Her best friend and boyfriend refuse to indulge her, which makes "talking to them ... about as interesting as talking to a couple of Tic Tacs." She resents her boss, a fearsome woman who runs a pet library - where hamsters, bunnies, goldfish and llamas can be checked out (no one has ever picked the llama) - for asking her to stop reading and perform her duties. Our narrator's tenacity is admirable. With a teenager's cynical devotion to her own point of view, she confides in us easily, assuming at least our sympathy, if not our permission.

In her piratical obsession, she has bought a parrot - "larger and more alive than I had expected" - and is forced to care for him when her boss fires her. She hopes to teach the parrot to say "Steer the boat, girlfriend," to inspire her, but he's devoted to TV and quotes prodigiously from commercials. "It's big, it's hot, it's back!" he cries, and the words "Fall blowout carpet sale!" have never been so funny.

It is when she moves back in with her parents that "Treasure Island!!!" transcends its constant comedy for a crackling satire of our hapless society. Have we become a nation of no-accounts and self-absorbed, immature weaklings? Are we so enabled by surfeit goods and indulgent parents that we've lost ambition and responsibility? Her mother says, "Whatever you want to do, that's what you should do, darling. We never expected anything from you or [your sister]." And the narrator adds, "True, in that they certainly never helped me to do anything."

She is outraged when her mother suggests that her scribbled note cards are a diary. "I would never stoop so low as to measure my life by the pulse of domestic time!" she tells us, insensible of Proust. "Where's the mastery in it?" Her chastened mother says, "I thought you liked candor," and the narrator answers, "I like my candor. There's a big fat difference."

The pet library is the only element of the novel that seems too ridiculous. Levine is best and beautiful as a subtle satirist, and this one exaggeration accounts for the book's slow start. The opening 40 pages or so - a fairly sizable portion of a 172-page book - seem restless. But wait, wait. Once Levine allows the world to unfurl, and unhinge, "Treasure Island!!!" is unstoppably funny and not a little frightening.
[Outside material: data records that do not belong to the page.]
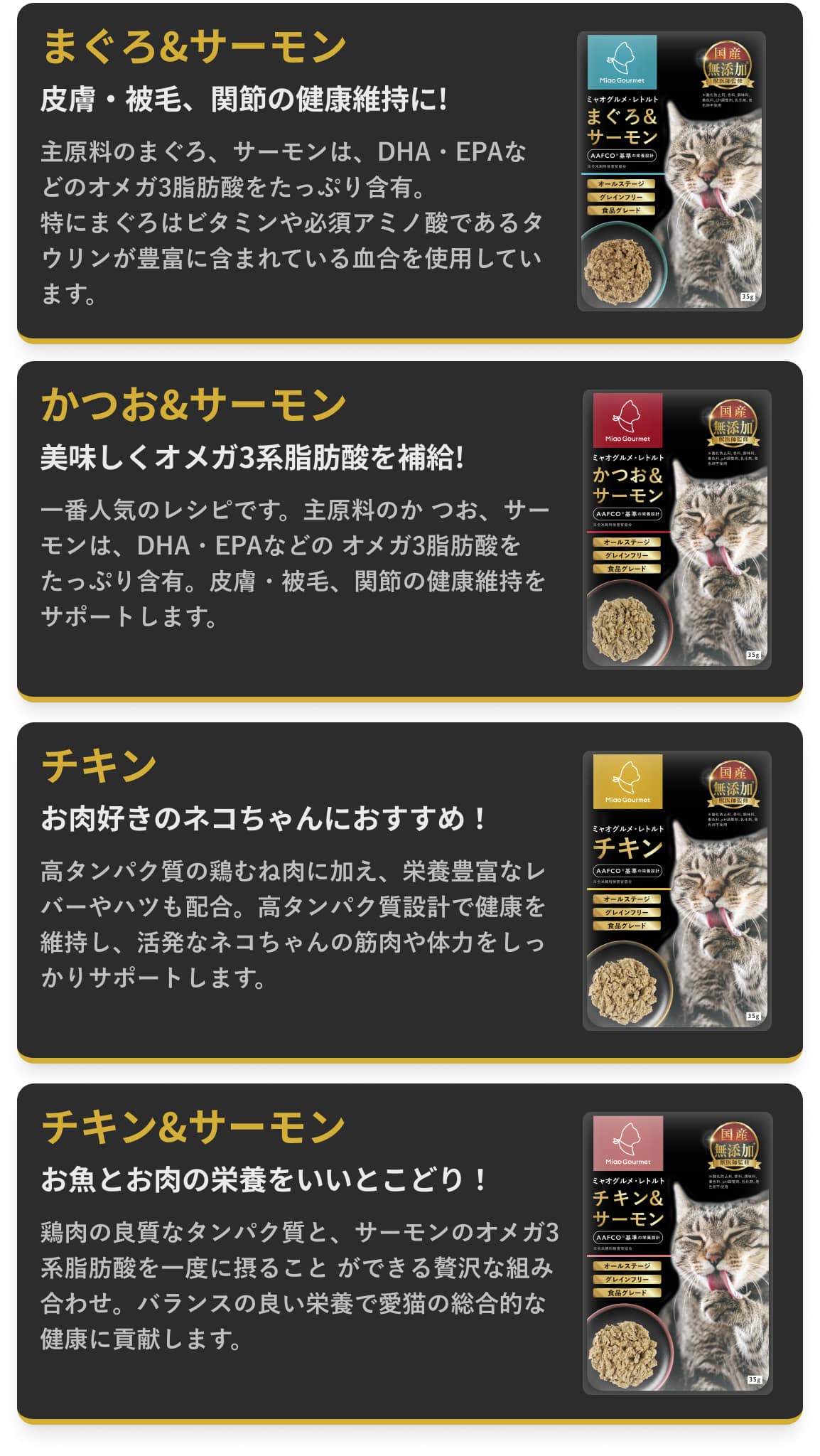 | ミャオグルメ・レトルト(常温) | 定期 | 12袋 | 4,980円 |
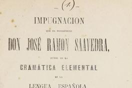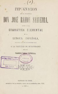 Impugnación que el Pbro. Don José Ramon Saavedra, autor de la Gramática elemental de la lengua española, hace del informe pasado sobre ella a la facultad de humanidades por Don Francisco Vargas Fontecilla. Santiago : Imprenta de La Opinión, 1860. 65 páginas ; 20 cm. .
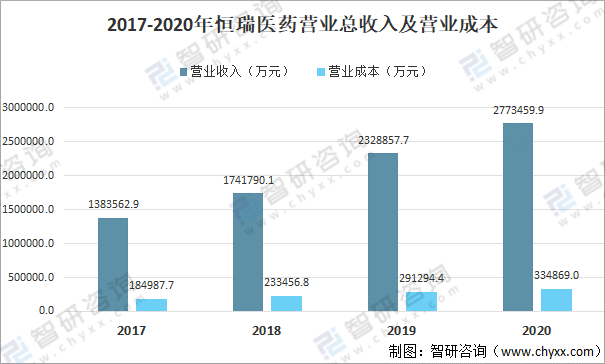 2020年恒瑞醫藥營業總收入為2773459.9萬元,同比增長19.1%;營業成本為334869萬元,同比增長15%。
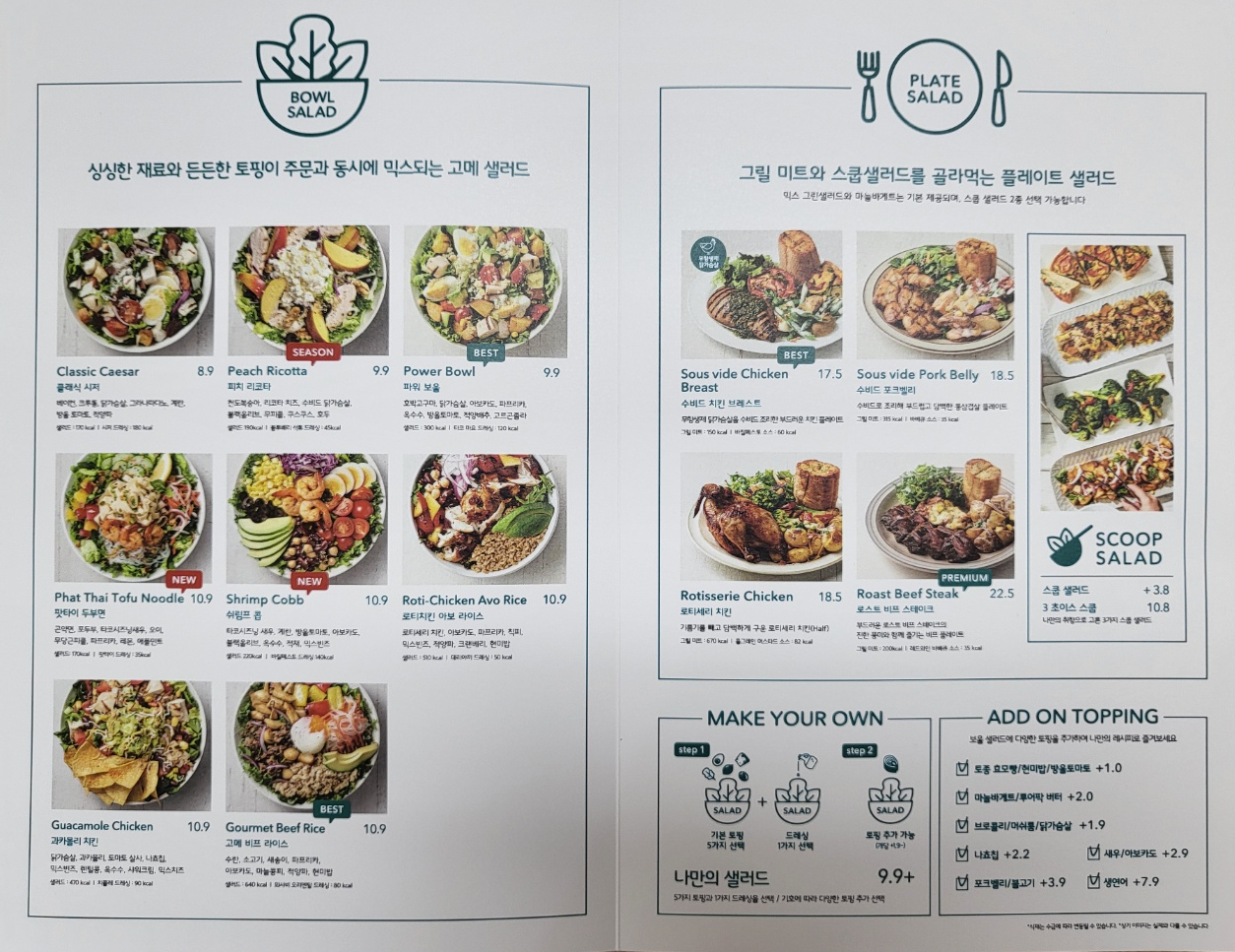 크게 보울 샐러드와 플레이트 샐러드가 있고
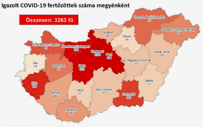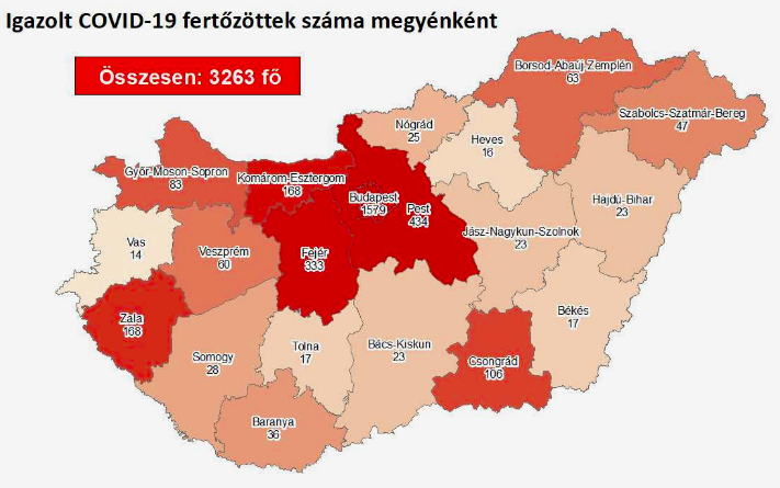 Újabb magyar állampolgároknál mutatták ki az új koronavírus-fertőzést (COVID-19), ezzel 3263 főre nőtt a hazánkban beazonosított fertőzöttek száma. Elhunyt újabb 8 idős krónikus beteg. Ezzel 413 főre emelkedett az elhunytak száma, 933-an pedig már gyógyultan távoztak a kórházból. Az aktív fertőzöttek száma 1917 fő. Az aktív fertőzöttek 62%-a, az elhunytak 79%-a, a gyógyultak 54%-a budapesti vagy Pest megyei. 812 koronavírusos beteget ápolnak kórházban és 50-en vannak lélegeztetőgépen. 98-ra nőtt az idősotthonokban koronavírus-fertőzéssel elhunyt gondozottak száma, ebből 42 a Pesti úti idősotthon lakója.
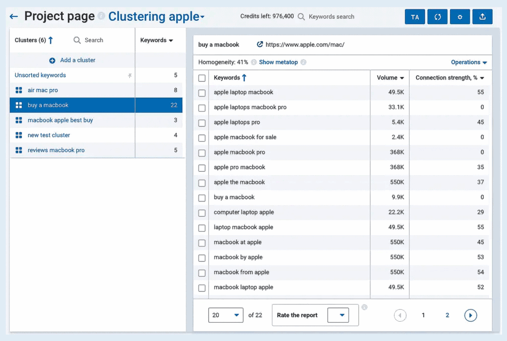 In just a few clicks, you’ll see which keywords to target together for better on-page optimization.
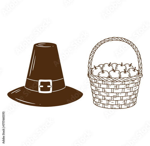 Brown pilgrim hat and basket of apples thanksgiving holiday illustration isolated on white
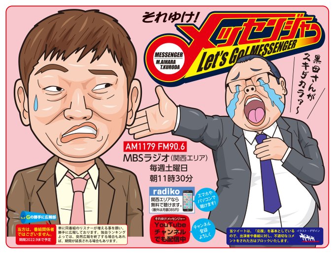 MBSラジオ #それゆけメッセンジャー を勝手に広報しております😀。今日のアシスタントは「ダイカイさん言っといてくださいよー!」でおなじみのぎっしゃんです😁。放送は土曜朝11時30分から! #絵描きさんと繋がりたい
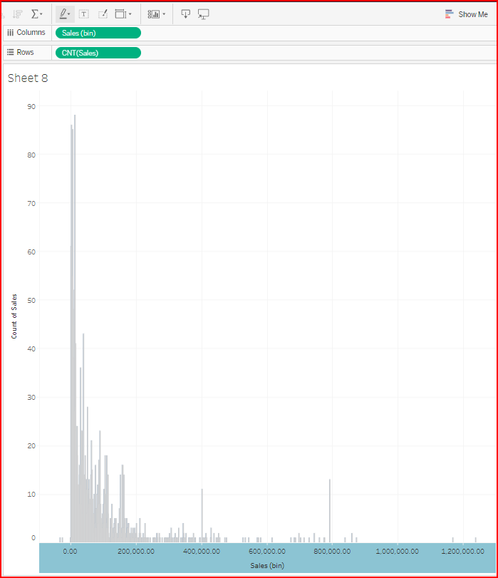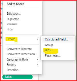 The most common way bins are used is in histograms to show line item sales in bin groupings. You can use the Show Me wizard for this. In the example below only the sales measure was highlighted when the Show Me wizard was selected. It suggested for one measure and automatically created a bin for that measure and a bar chart showing the transaction count of sales records per bin group.
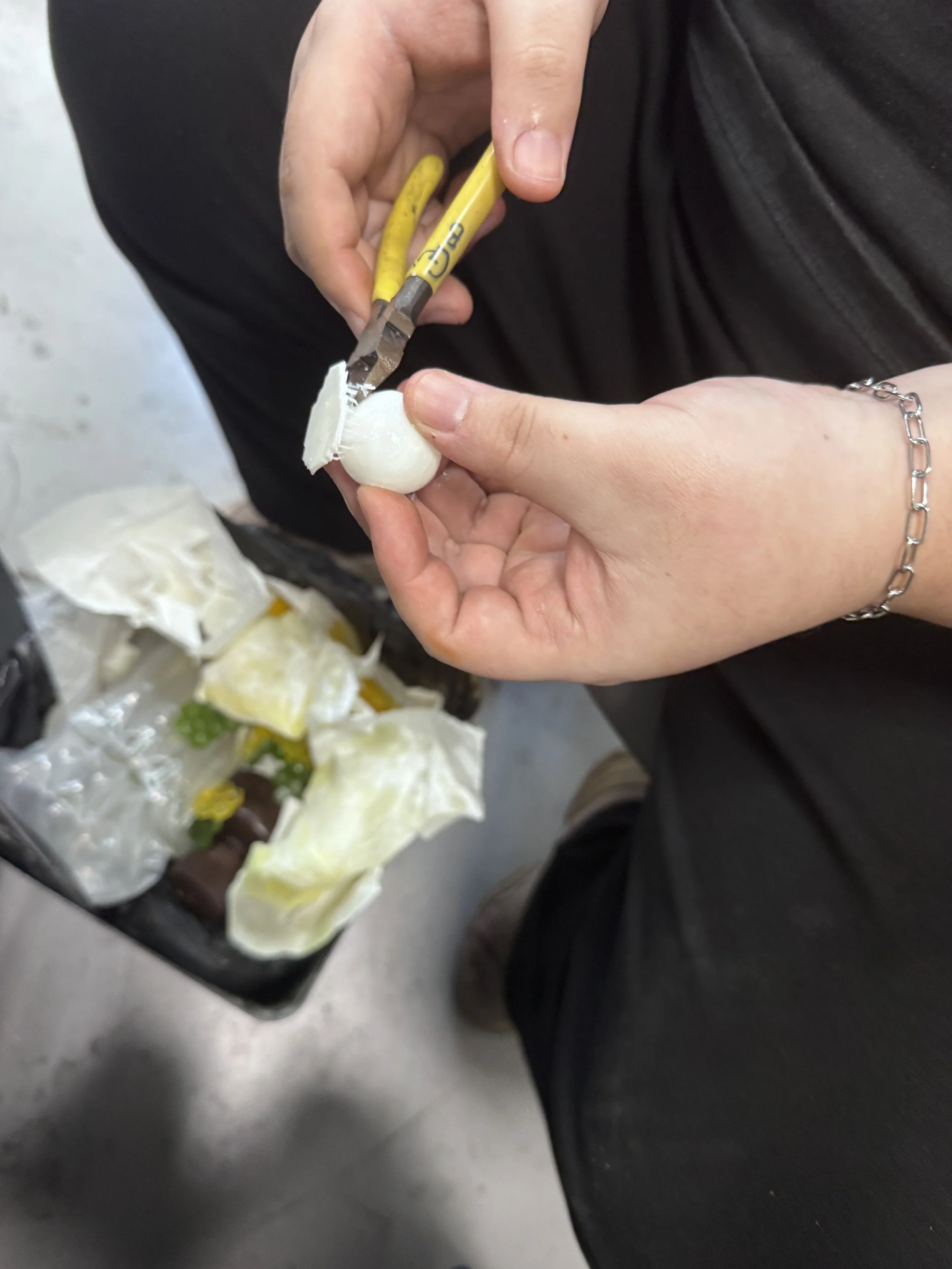 A wearable sculpture exploring the inner anxiety of introverts during public speaking. The piece is covered in realistic eyeballs, symbolizing the pressure of being watched and judged. It turns invisible emotional tension into a visible, unsettling form.

The real comedy and satire are in the breathless self-delusion this narrator cannot help but reveal, how nimbly she blames others for her own ghastly errors, how deftly she upends a situation so that she can be irritated with her boyfriend because he hasn't gotten around to cleaning up her coffee stains.

Her stunning lack of accountability increasingly becomes a prison within her parents' house, and her paranoia mounts - why not, she has nothing else to do! - until the final chapters charge forth with shocking and hilarious audacity.